Surlysomething said:


> Why yes, we are.



Yes, very addictive. Do you think you guys will soon be regulated or classified as a restricted substance?


----------



## freakyfred (May 15, 2010)

And there I was thinking I didn't have a vice!


----------



## Jay West Coast (May 15, 2010)

Webmaster said:


> Yes, very addictive. Do you think you guys will soon be regulated or classified as a restricted substance?



If we tax it, I'll go broke.


----------



## FatAndProud (May 15, 2010)

So, how do fat women fair in the war against drugs?


----------



## joswitch (May 15, 2010)

Surlysomething said:


> Why yes, we are.



:Volunteers as a tester:


----------



## Nexis (May 15, 2010)

I'll admit, I'm hooked for life, I don't think there's any chance of recovery.

...and I have no problem whatsoever with that


----------



## CurvaceousBBWLover (May 15, 2010)

I have a feeling that men's addictions to curvy women are going to get worse as more and more women become curvy. LOL


----------



## Sensualbbwcurves (May 15, 2010)

Ohhhhhh I hope sooooooo because I am looking forward to it...



CurvaceousBBWLover said:


> I have a feeling that men's addictions to curvy women are going to get worse as more and more women become curvy. LOL


----------



## Lamia (May 16, 2010)

I just hope no one stuffs any of us in a balloon and swallows us or tries to jam one of us up their rectum to get passed airport security.


----------



## wrench13 (May 16, 2010)

Lamia said:


> I just hope no one stuffs any of us in a balloon and swallows us or tries to jam one of us up their rectum to get passed airport security.

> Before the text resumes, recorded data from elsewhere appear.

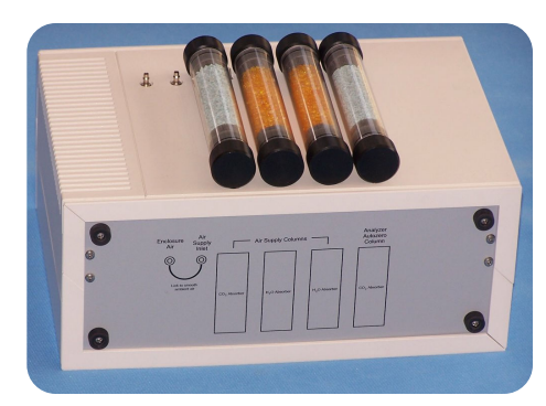
Self-indicating desiccants for analyzer zeroing and CO<sub>2</sub>/H<sub>2</sub>O control

The TPS-2 is also capable of controlling CO<sub>2</sub> at higher concentrations if used with an external gas cylinder.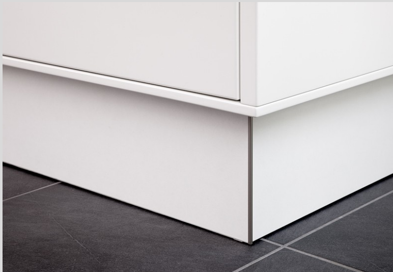
Base corner with aluminum profile mitred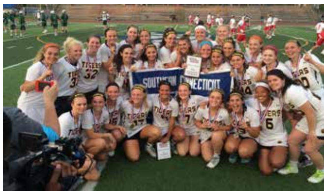
Daniel Hand won its ninth outright SCC girls lacrosse title in 2016.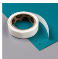
Mini Glue Dots - 103683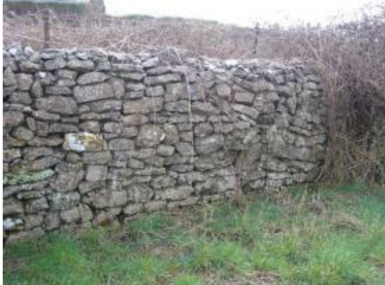
An unusual example of a drystone wall.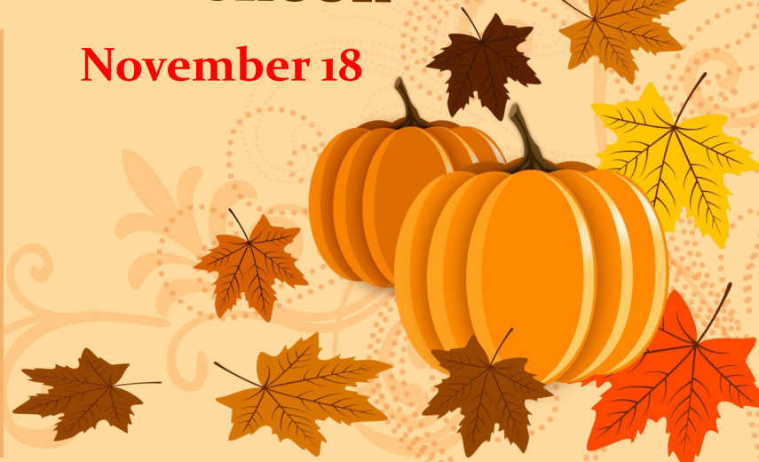
Immediately following the 11AM Sunday Service

Sign up for the Potluck Luncheon is available at The Daily Bread Café and please list what food item(s) you will be bringing.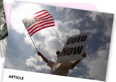
ARTICLE Issue Overview: Voting rights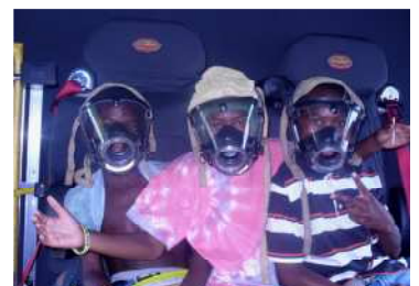
Children at Rolling Hills enjoy getting first hand experience in using firefighter's equipment and the inside of the fire truck.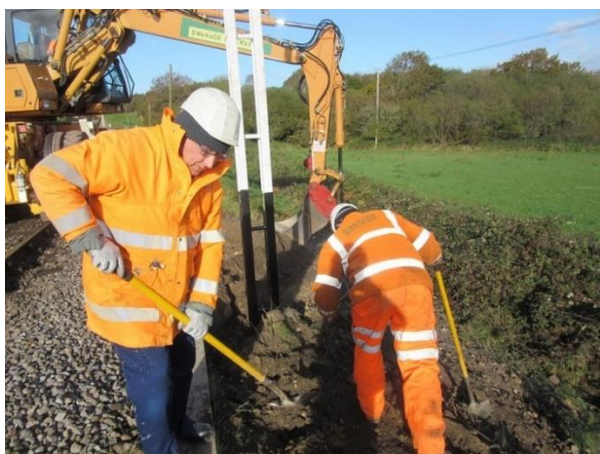
These three photos courtesy of Tony North.

This signal and the Corfe Up Distant are being re-sited to better reflect the stopping distance to the Home signals.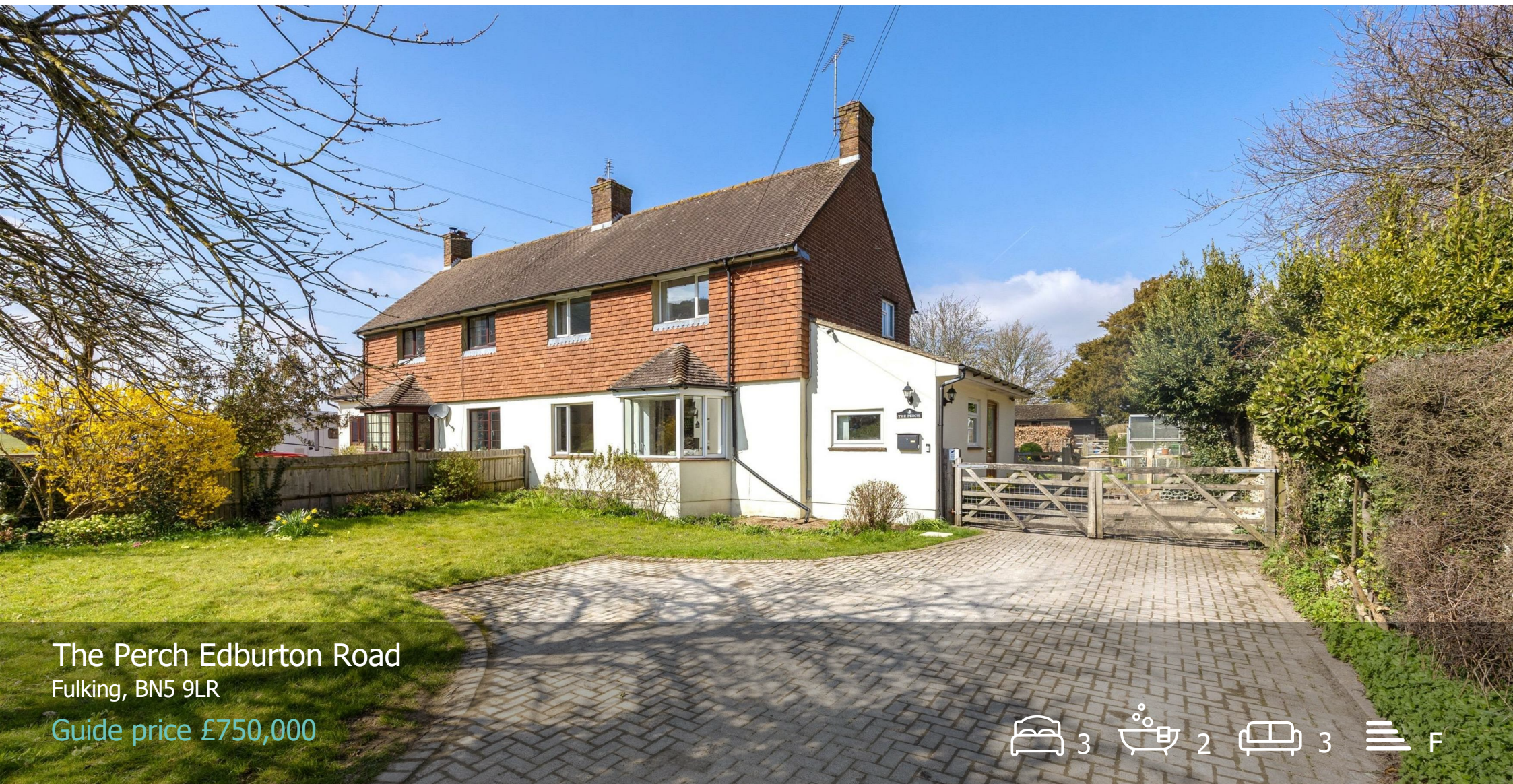
The Perch Edburton Road

Dam you made me spew coffee with that last remark!


----------



## Keb (May 17, 2010)

Well, there is a minimum age on my purchase.


----------



## Weirdo890 (May 17, 2010)

Very interesting. No wonder I lose all inhibitions when I talk to my girlfriend.


----------



## SuperSizedAngie (May 18, 2010)

I'm totally a drug.....


----------



## snuggletiger (May 18, 2010)

ah but will it be taxed? and will Phillip Morris put out a Mass produced substitute to compete with independent manufacturers?


----------



## CastingPearls (May 18, 2010)

I already feel like an illegal substance.


----------



## Nutty (May 18, 2010)

This is an addiction i absolutely do not want cured.


----------



## Dmitra (May 18, 2010)

Does this mean the older I get the more potent I'll be? LOL


----------



## Bettie Bombshell (May 18, 2010)

Lamia said:


> I just hope no one stuffs any of us in a balloon and swallows us or tries to jam one of us up their rectum to get passed airport security.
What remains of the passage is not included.